### Assignment
The records that follow are to be repeated exactly, with the pictures removed.

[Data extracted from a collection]
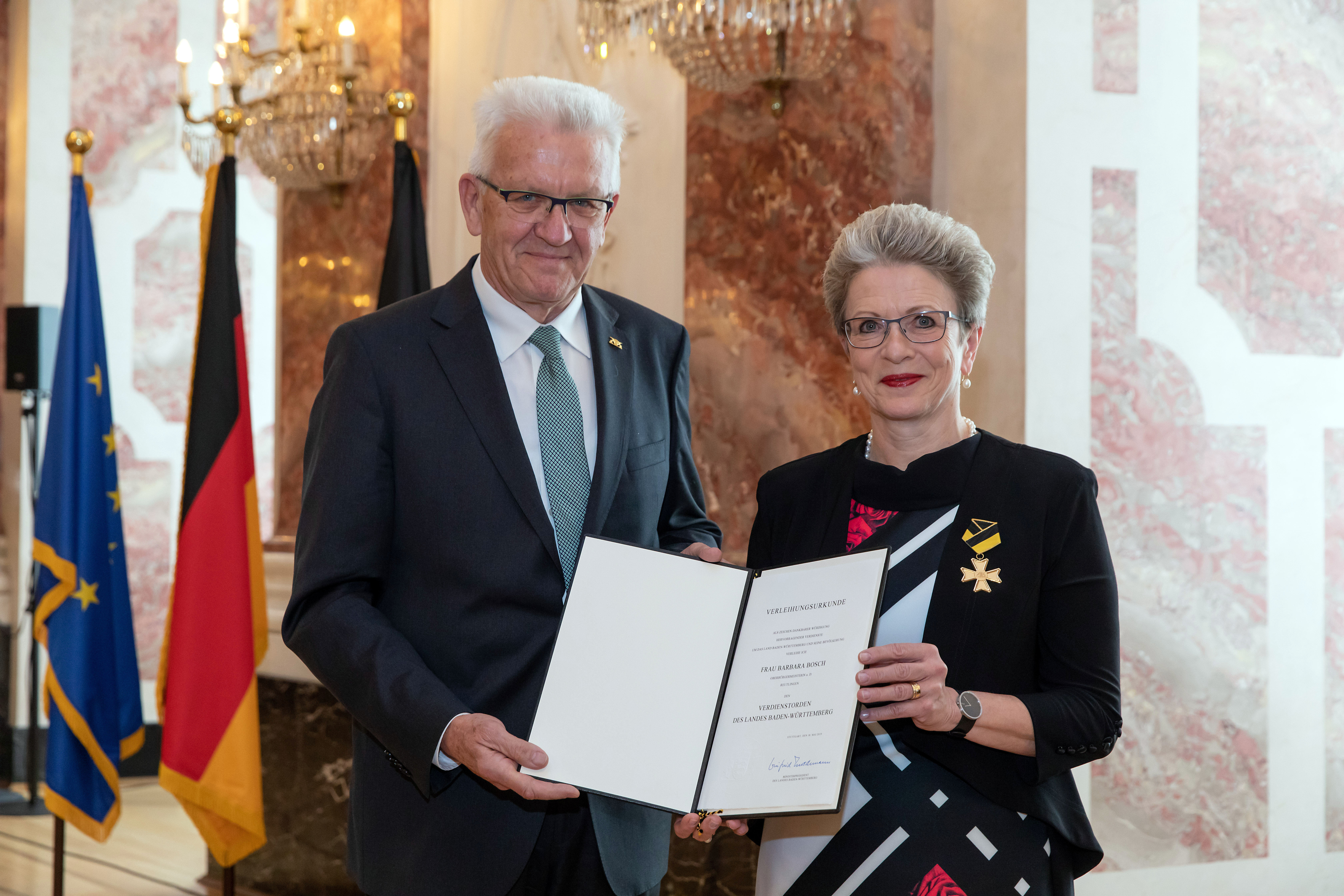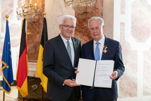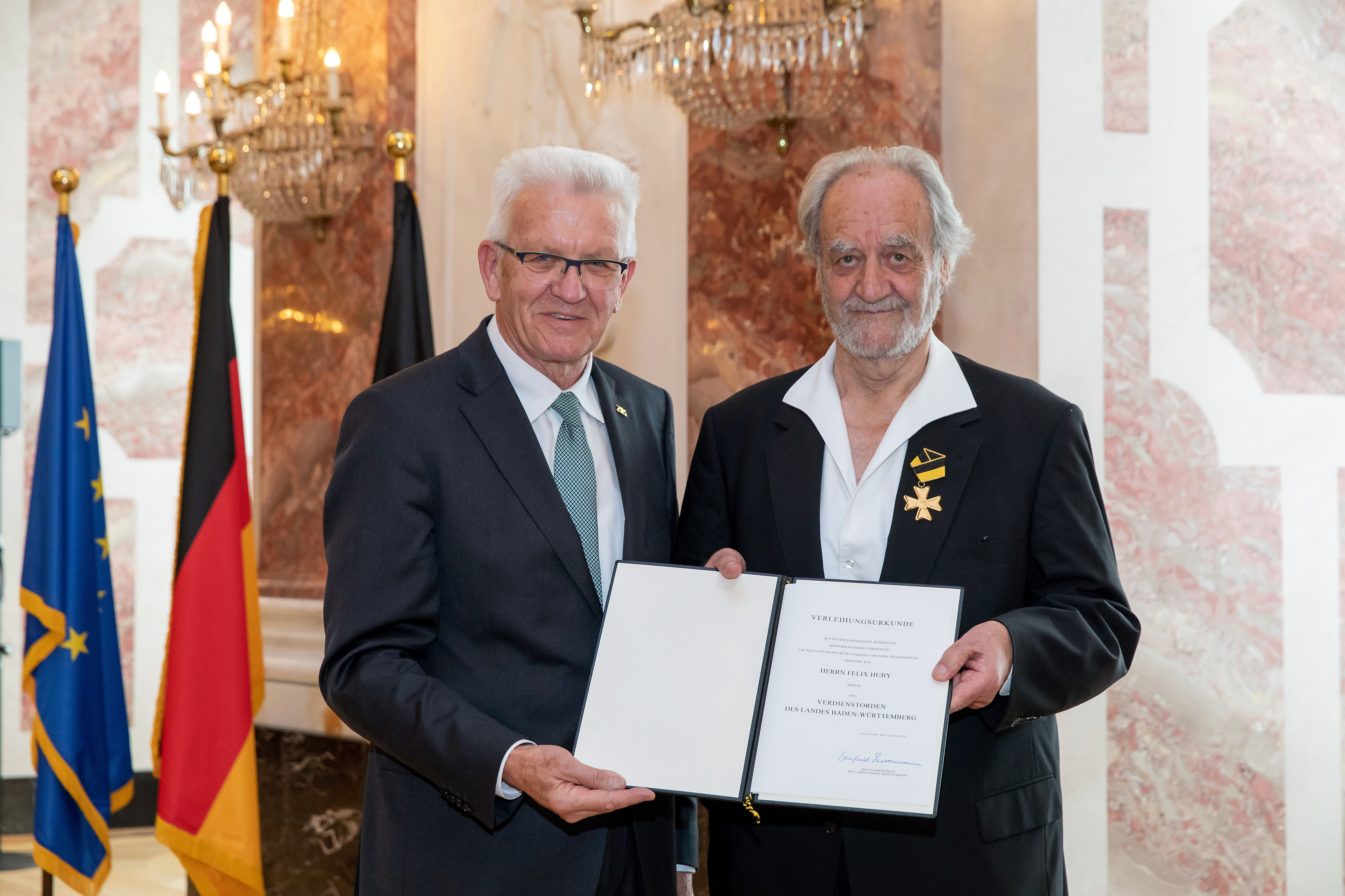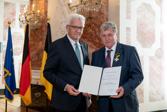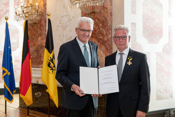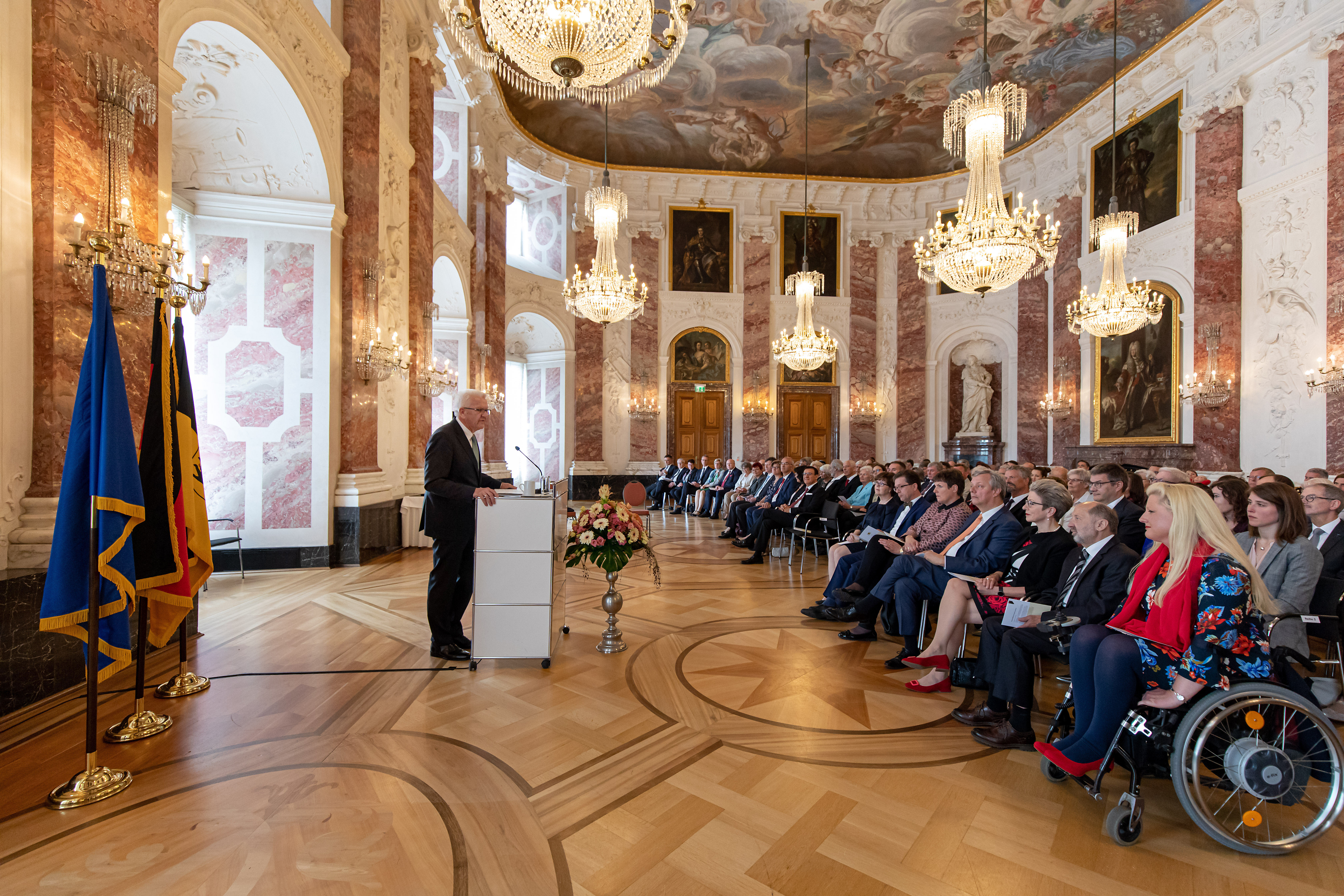 Ministerpräsident Winfried Kretschmann hat den Verdienstorden des Landes Baden-Württemberg an 18 verdiente Persönlichkeiten verliehen. Demokratie brauche Menschen, die mitreden, mitmachen und sich füreinander verantwortlich fühlen, erklärte Kretschmann.
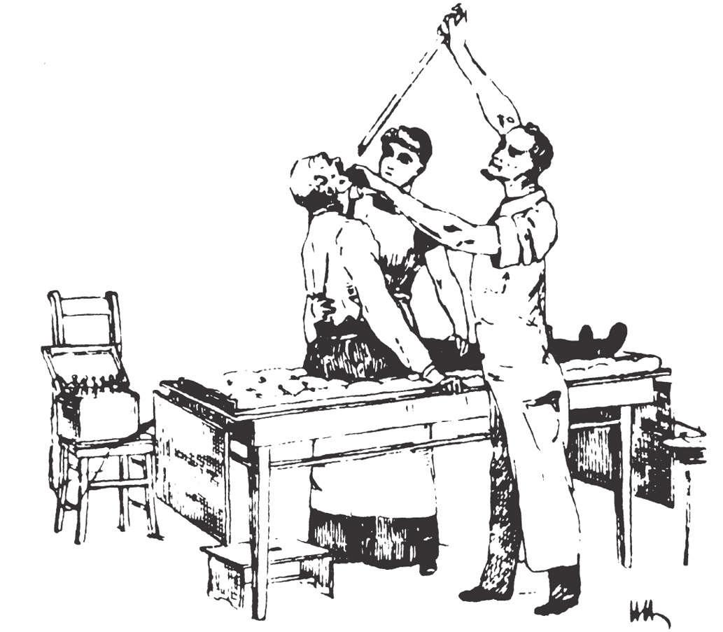 FIG 1.6 Wolf-Schindler “flexible” gastroscope (top) being used by Schindler (bottom) with his wife as the head holder. (From Edmonson JM: History of
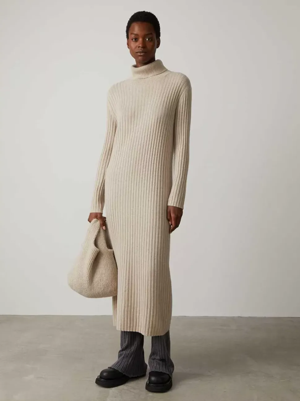 The Lauren Dress Is Cut For A Full Length, Effortless Fit In Ribbed Cashmere. With A Roll Neck And Long Sleeves, Layer Up Or Down And Pair With The Kaia Bag For An Understated Look.
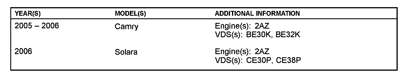Some 2005 - 2006 model year Camry and 2006 model year Solara vehicles may exhibit a MIL "ON" condition with Diagnostic Trouble Code (DTC) P0500 - Vehicle Speed Sensor "A". The Engine Control Module/ECM (SAE term: Powertrain Control Module/PCM) logic has been modified to reduce the possibility of this condition occurring. Use the following repair procedure to address this condition.
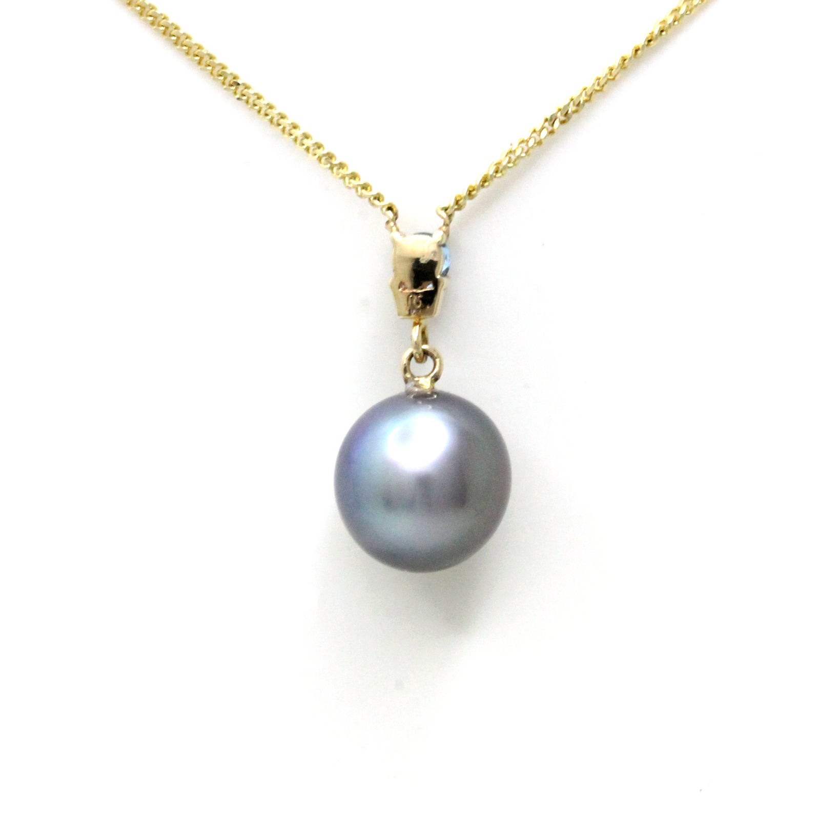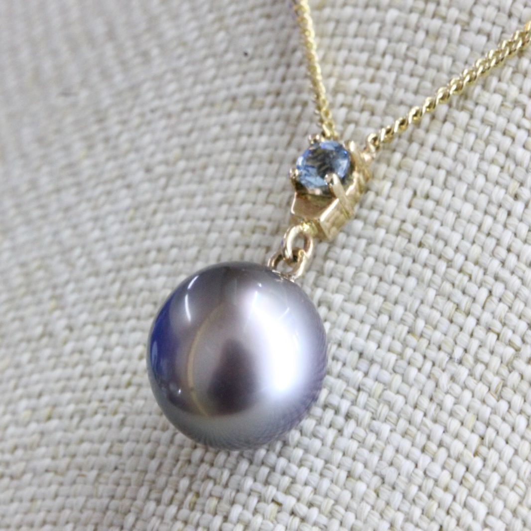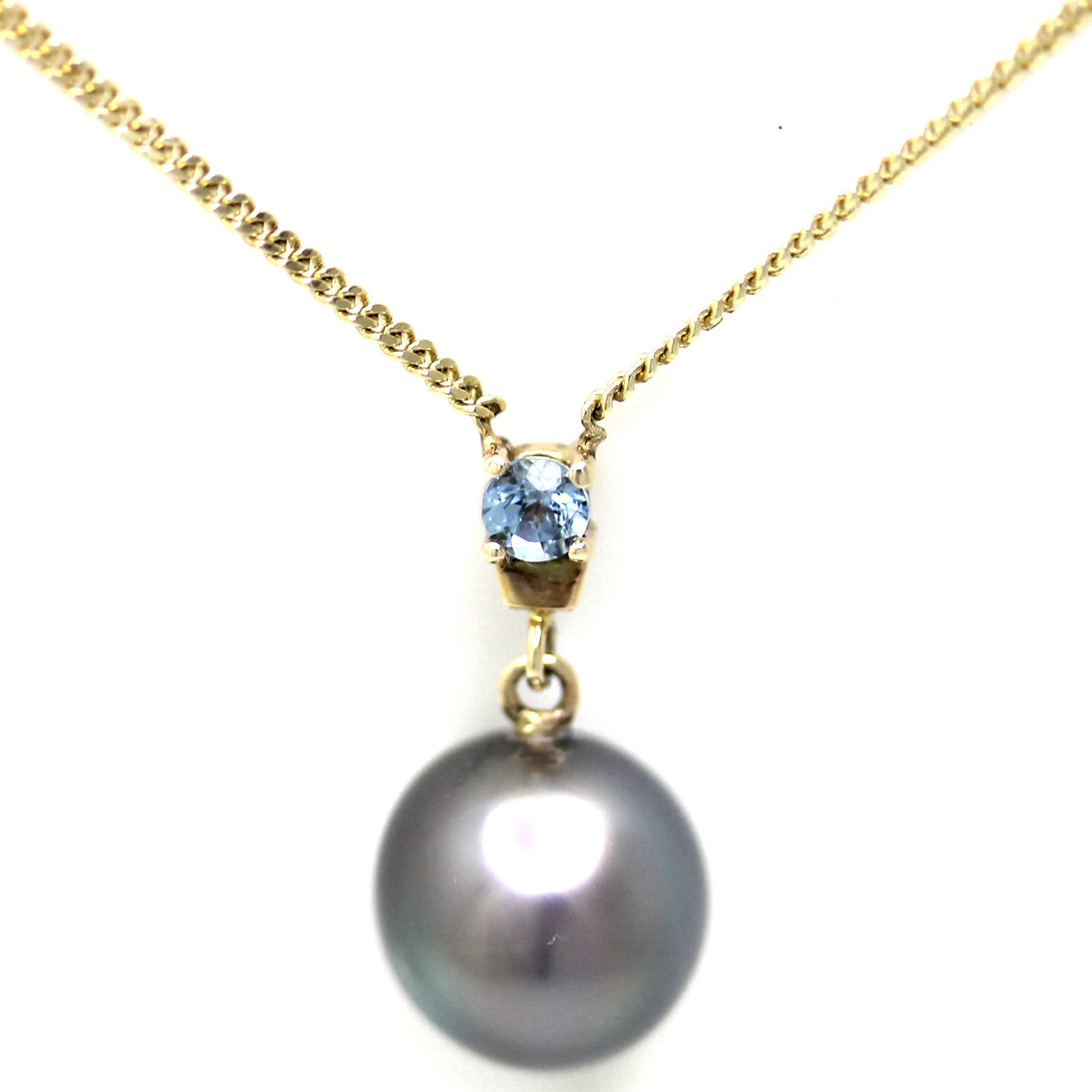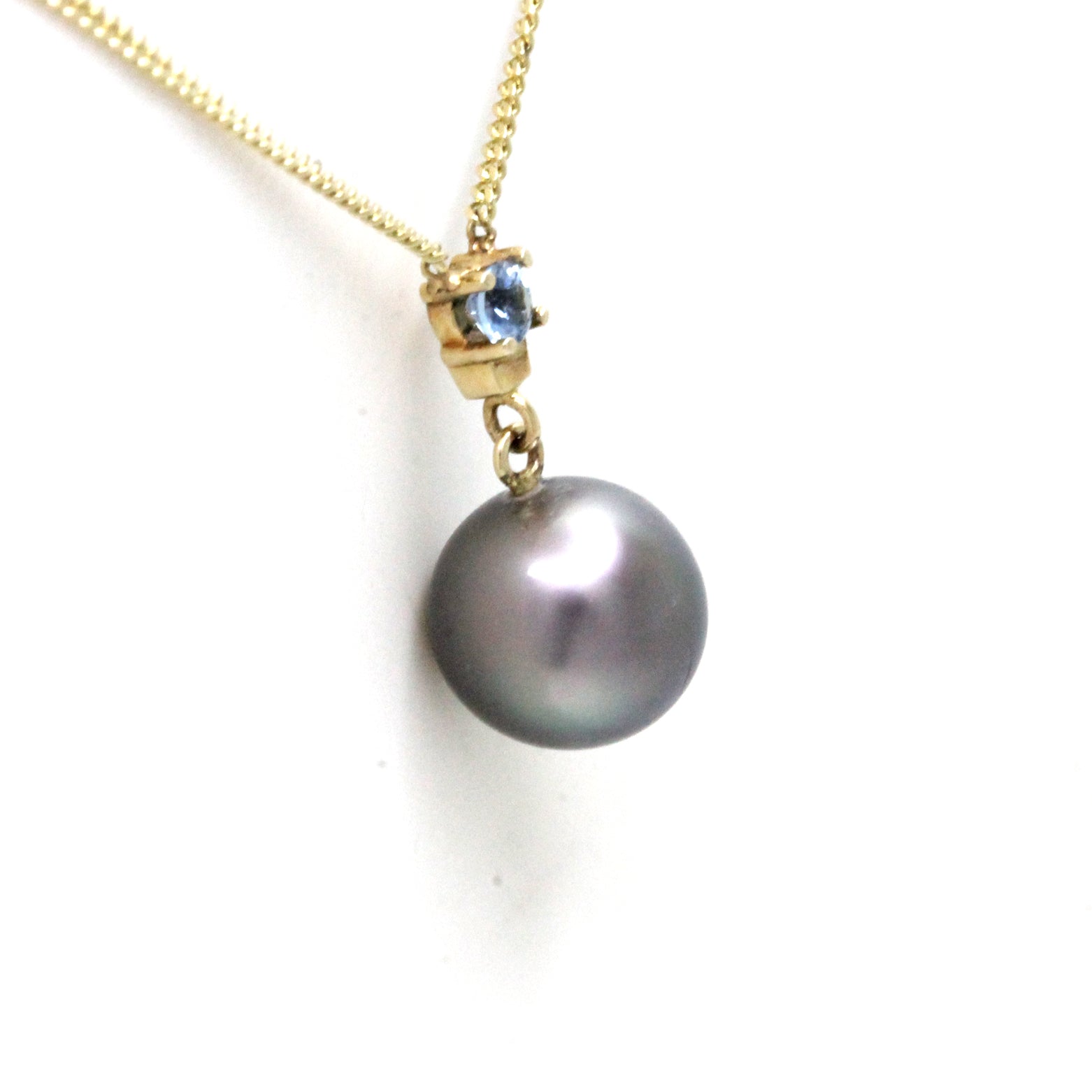 Impressive Dark Pearl on 14K Yellow Gold Pendant with Aquamarine

### Exercise output
 Ministerpräsident Winfried Kretschmann hat den Verdienstorden des Landes Baden-Württemberg an 18 verdiente Persönlichkeiten verliehen. Demokratie brauche Menschen, die mitreden, mitmachen und sich füreinander verantwortlich fühlen, erklärte Kretschmann.
 FIG 1.6 Wolf-Schindler “flexible” gastroscope (top) being used by Schindler (bottom) with his wife as the head holder. (From Edmonson JM: History of
 The Lauren Dress Is Cut For A Full Length, Effortless Fit In Ribbed Cashmere. With A Roll Neck And Long Sleeves, Layer Up Or Down And Pair With The Kaia Bag For An Understated Look.
Some 2005 - 2006 model year Camry and 2006 model year Solara vehicles may exhibit a MIL "ON" condition with Diagnostic Trouble Code (DTC) P0500 - Vehicle Speed Sensor "A". The Engine Control Module/ECM (SAE term: Powertrain Control Module/PCM) logic has been modified to reduce the possibility of this condition occurring. Use the following repair procedure to address this condition.
 Impressive Dark Pearl on 14K Yellow Gold Pendant with Aquamarine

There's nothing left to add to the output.